Никольский сказал это несколько вяло, и Соловьев подумал, что среди таблеток было снотворное.
– Я имел в виду другое. Неудовлетворенность… жизнью генерала. Может быть, жизнью вообще. Ладно, это такие материи…
– Нет, продолжайте.
Руки профессора на одеяле сложились в замок.
– Ну представьте: существует себе генерал. Умница. Герой. Живая легенда. Потом – как короткое замыкание в судьбе. После яркого света – мрак. Нищенская советская пенсия. Коммунальный туалет.
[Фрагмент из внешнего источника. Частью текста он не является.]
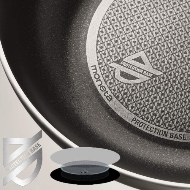 特許を取得したノンスティックコーティングである「PROTECTION BASE」は、従来の3層コーティングの上にマイクロクリスタルを含有したトップコートと摩耗に強い特殊フィルムを重ねた多層構造(5層)になっており「PROTECTION BASE」を使用しない従来品と比較して約2倍の磨耗強度を実現しています。

Как-то даже глупо.
– Почему?
Соловьев пожал плечами.
– Странная мысль: может быть, для него было бы лучше оказаться расстрелянным?
Снова вошла сестра – на этот раз со шприцем на подносе.
– Поворачивайтесь.
Профессор
– Расслабьтесь. Я вам говорю: не зажимайте ягодицы.
Никольский зашелся в кашле. На подносе что-то стеклянно звякнуло, и сестра вышла из палаты. Он вытер выступившие от кашля слезы.
– Я мог бы сказать, что и мне нужно было бы умереть пораньше, в каком-нибудь более приятном месте. И не загибаться здесь…
Соловьев хотел возразить, но профессор погрозил указательным пальцем.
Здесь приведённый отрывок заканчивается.